2) Nutri-Score serait « franco centré » (malgré ses origines britanniques : il est basé sur le système FSAm-NPS) . Donc le foie gras, le comté, la saucisse de Morteau, les rillettes etc. seraient favorisés par rapport au « régime méditerranéen ? L’assertion mériterait d’être plus étayée.
3) Sans aucun doute, Nutri-Score a des défauts. Se contenter de les souligner – surtout ) partir de cas anecdotiques comme le score d’une céréale chocolatée – pour le disqualifier, n’est-ce pas tomber dans le sophisme de la solution parfaite ? Il semble bien plus judicieux de comparer Nutri-Score aux autres solutions (ou à l’absence de solution).

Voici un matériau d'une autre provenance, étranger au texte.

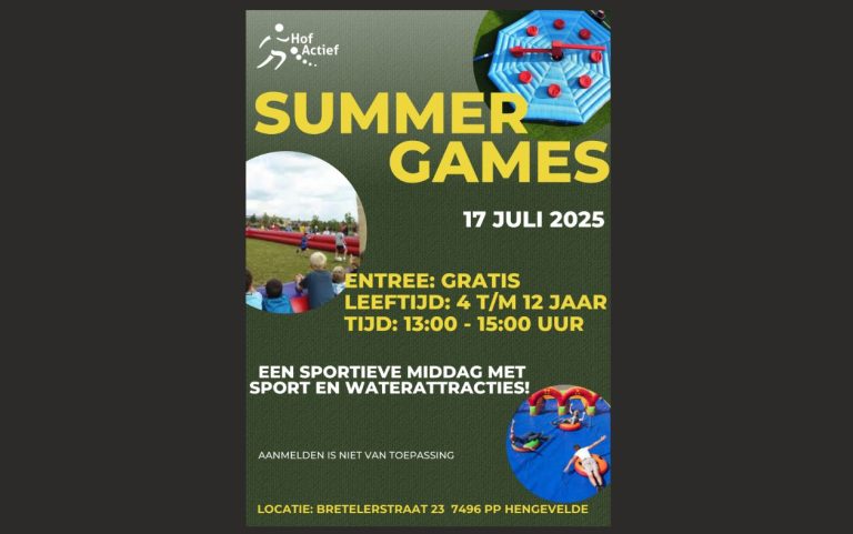De zomervakantie is begonnen en dat betekent: tijd voor actie! Aanstaande donderdag 17 juli organiseert Buurtsportcoach Hof van Twente een sportief en speels evenement voor de jeugd: de Summergames.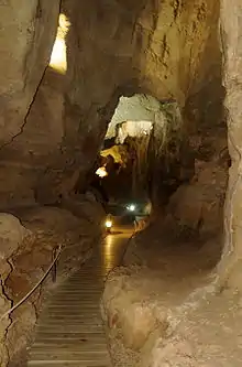 Tiene dos zonas. Una inundada, que ocupa desde una distancia de 240 metros hasta el final, y una seca, que está habilitada para actividades turísticas. El agua de la zona inundada es aprovechada para riego mediante un túnel artificial.

En outre, vous ne donnez aucun arguent en faveur de Nutri-Score. Il n’est peut-être pas inutile d’en donner quelques uns.
Les premiers résultats des grandes études en cours sur l’impact de la nutrition sur la santé (en France mais aussi en Grande-Bretagne et en Espagne) corroborent la pertinence de ce système d’évaluation.
Il faut également noter que les études qui commencent à être disponibles sur l’impact de ce système sur le comportement des consommateurs sont également très encourageantes (mais si vous considérez cela comme un défaut, évidemment, ce ne sera pas un argument très fort).
En outre, le principe de Nutri_Score n’est pas d’évaluer les plats familiaux, les spécialités polonaises pas plus que la tartiflette ou le canard confit et ses pommes de terre salardaises. En revanche, cela redevient pertinent dès lors qu’il s’agit de plats préparés (sauf, bien sûr, à refuser par principe toute évaluation des plats préparés, c’est une position qui se défend mais qui mériterait d’être présentée comme telle).
PS : sauf erreur, la boisson gazeuse sucrée emblématique est classée E par Nutri-Score et j’imagine que c’est également le cas des autres boissons équivalentes donc je ne suis pas convaincu de la pertinence de votre exemple.